José Amaro se expressa
com grande articulação e demonstra
serenidade para falar de temas como aquecimento
global, desmatamento e comportamento humano. “Quem
queima e desmata se esquece que a floresta nos permite
viver, respirar, ter saúde e alimento”, ressalta,
apontando para as árvores enquanto caminha
por uma trilha que leva ao lago Santo Antônio,
onde pesca desde criança.
Ao chegar às margens do
lago, se depara com uma cena interessante. Uma cobra
devora calmamente um sapo – apenas pode-se ver uma
das patas do anfíbio, enquanto a serpente
se esticava para tentar engolir sua presa. “Chamamos
essa aí de cobra preta, é muito venenosa.
Ela está comendo o almoço dela, na
casa dela, a gente tem que respeitar. Sempre que
vejo uma cobra no meu caminho eu desvio dela. Não
pode matar, ela também é uma vida.
Todo mundo tem que ser rei dentro de sua casa, não
é?”
José Amaro rema pelas águas
do Santo Antônio, que integra um conjunto
de outros 15 lagos em Manoel Urbano, formados pelas
águas do rio Purus, um importante afluente
do Amazonas. Ele fala calmamente, observando com
cumplicidade o local em que navega desde a infância.
“Quando tinha de sete a dez anos
de idade, ia pescar com meu pai e a gente apanhava
três ou quatro tambaquis de cada vez. Agora,
a gente pode sair por 30 dias que não vê
nenhum tambaqui. Mudou tudo, né?”, conta
o pescador, que integra um grupo que promove o manejo
da pesca, com apoio do Governo do Acre e do WWF-Brasil,
para disciplinar a captura do pirarucu e assegurar
a sustentabilidade da atividade pesqueira.

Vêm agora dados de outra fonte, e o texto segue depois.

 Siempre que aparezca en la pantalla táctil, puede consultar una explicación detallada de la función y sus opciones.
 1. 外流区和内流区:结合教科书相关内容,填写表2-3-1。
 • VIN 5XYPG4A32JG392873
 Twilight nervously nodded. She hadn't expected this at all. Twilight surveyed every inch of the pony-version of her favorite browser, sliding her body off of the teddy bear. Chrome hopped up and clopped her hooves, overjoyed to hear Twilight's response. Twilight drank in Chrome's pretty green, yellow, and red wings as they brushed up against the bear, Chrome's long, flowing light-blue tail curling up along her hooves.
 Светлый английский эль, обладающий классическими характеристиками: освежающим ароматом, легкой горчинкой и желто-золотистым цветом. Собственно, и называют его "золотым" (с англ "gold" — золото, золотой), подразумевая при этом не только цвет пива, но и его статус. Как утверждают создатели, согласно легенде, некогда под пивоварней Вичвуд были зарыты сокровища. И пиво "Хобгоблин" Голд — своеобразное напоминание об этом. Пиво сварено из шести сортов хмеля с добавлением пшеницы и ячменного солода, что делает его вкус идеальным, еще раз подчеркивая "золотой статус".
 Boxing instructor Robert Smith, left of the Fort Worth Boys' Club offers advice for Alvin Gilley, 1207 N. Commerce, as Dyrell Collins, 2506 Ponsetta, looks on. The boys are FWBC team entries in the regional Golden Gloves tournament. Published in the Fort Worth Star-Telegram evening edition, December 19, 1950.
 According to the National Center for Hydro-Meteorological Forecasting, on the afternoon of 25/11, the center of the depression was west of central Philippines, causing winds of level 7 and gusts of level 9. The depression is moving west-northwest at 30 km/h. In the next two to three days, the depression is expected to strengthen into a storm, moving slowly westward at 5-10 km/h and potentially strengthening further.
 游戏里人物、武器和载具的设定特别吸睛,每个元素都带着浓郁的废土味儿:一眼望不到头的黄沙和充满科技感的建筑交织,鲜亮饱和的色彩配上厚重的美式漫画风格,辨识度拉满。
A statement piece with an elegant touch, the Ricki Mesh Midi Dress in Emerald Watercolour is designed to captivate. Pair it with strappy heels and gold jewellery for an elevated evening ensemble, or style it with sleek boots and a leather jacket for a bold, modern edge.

Ele desce do barco e caminha novamente
entre as árvores, ao som do canto dos pássaros.
“Na floresta tem sempre um vento gostoso, a gente
sempre se sente bem aqui. Esses dias fui a Rio Branco
e quase me sufoquei de tanto calor, porque tiraram
a floresta de lá pra fazer a cidade. Eu nasci
na floresta, ela é minha vida”, continua.
Ao passar por uma enorme seringueira,
José Amaro se emociona. “Tenho muito estima
por esta árvore, pode-se dizer que ela é
a mãe de milhares de famílias na Amazônia.

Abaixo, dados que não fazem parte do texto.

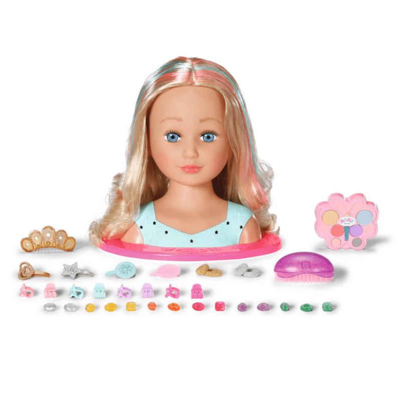 הגיע הזמן להוציא את מעצבי השיער והמאפרים שבכם! ראש הבובה המהמם של BABY born הוא קנבס מושלם ליצירתיות אינסופית. עם שיער בלונדיני משגע וגוונים צבעוניים, כל תסרוקת הופכת ליצירת אומנות.
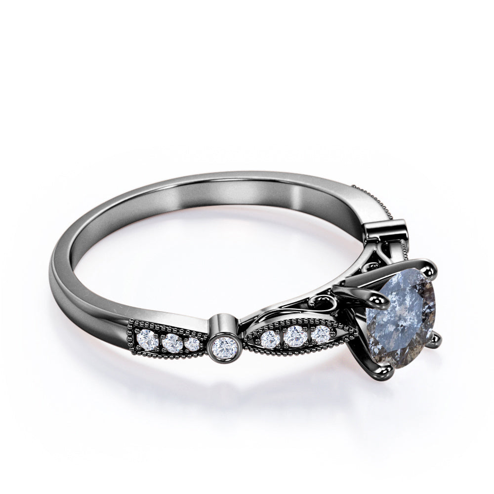 Royal Cathedral setting 0.75 carat Round cut Salt and pepper diamond and White diamond vintage engagement ring in Black gold
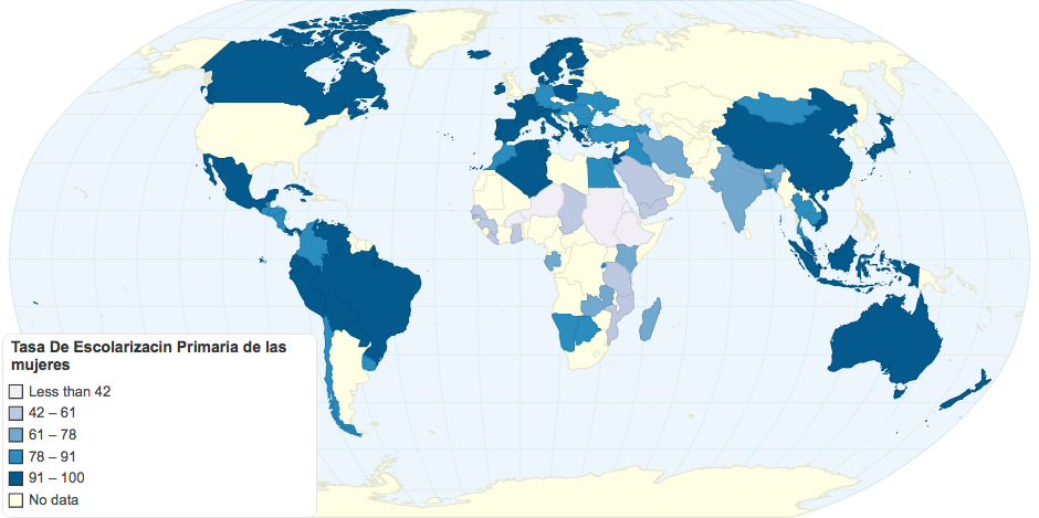 Este mapa representa la tasa de escolarizacion primaria de las mujeres de 111 paises.
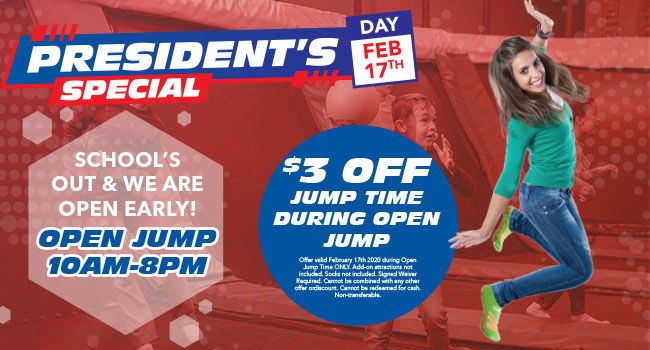 Receive $3.00 off your jumptime purchase on President's Day, Monday-February 17th 2020!

Ela não dá o leite que a mãe
dá no peito para a criança, mas ela
dá o leite que vira borracha e sustenta um
monte de família aqui”, relata, valendo-se
de uma metáfora que poderia estar na obra
de um grande mestre da poesia ou da literatura.

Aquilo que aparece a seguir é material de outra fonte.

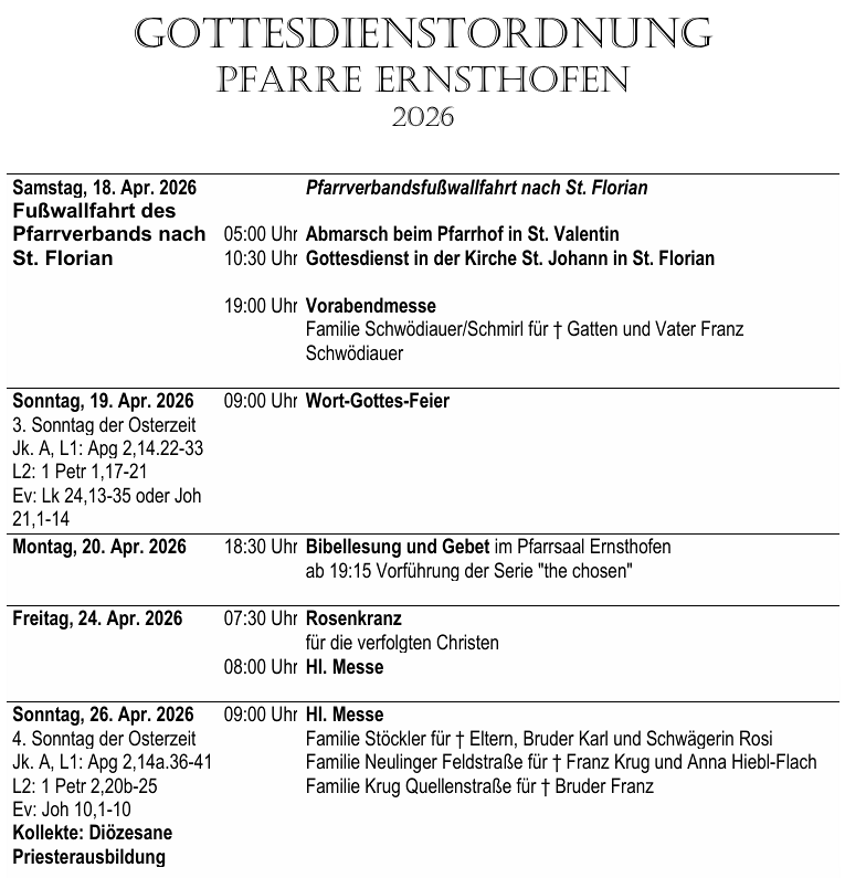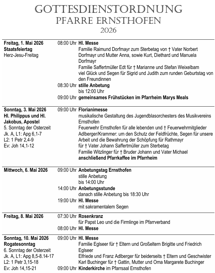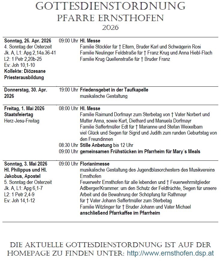 Gottesdienstordnung 26. April - 3. Mai 2026

José Amaro conta que, durante
a infância, ouviu muita história de
onça comendo gente, devorando animais nas
fazendas e ameaçando as pessoas. “Eu mesmo
nunca tive raiva de onça. Lá na nossa
colônia [termo usado para denominar pequena
propriedade familiar] elas sempre comiam porcos,
mas a gente não ligava porque tinha muito
porco. As fazendas acabaram com a floresta, que
é a casa e o alimento da onça. Mas
ela precisa comer, então é certo que
ela coma um bezerro ou um porquinho, né?
É muito triste a vida dos bichos da floresta”,
opina.
O pescador, já no
caminho de volta para a cidade, diz que antigamente
as pessoas achavam certo caçar, pescar e
desmatar sem controle, mas que isso tem que mudar.
“Coisa errada, todo mundo aprende mesmo, não
pode é continuar no errado. Na vida a pessoa
tem que aprender de tudo e usar o que convém”,
conclui José Amaro, com a sabedoria adquirida
durante mais de meio século vivendo em harmonia
com plantas e animais.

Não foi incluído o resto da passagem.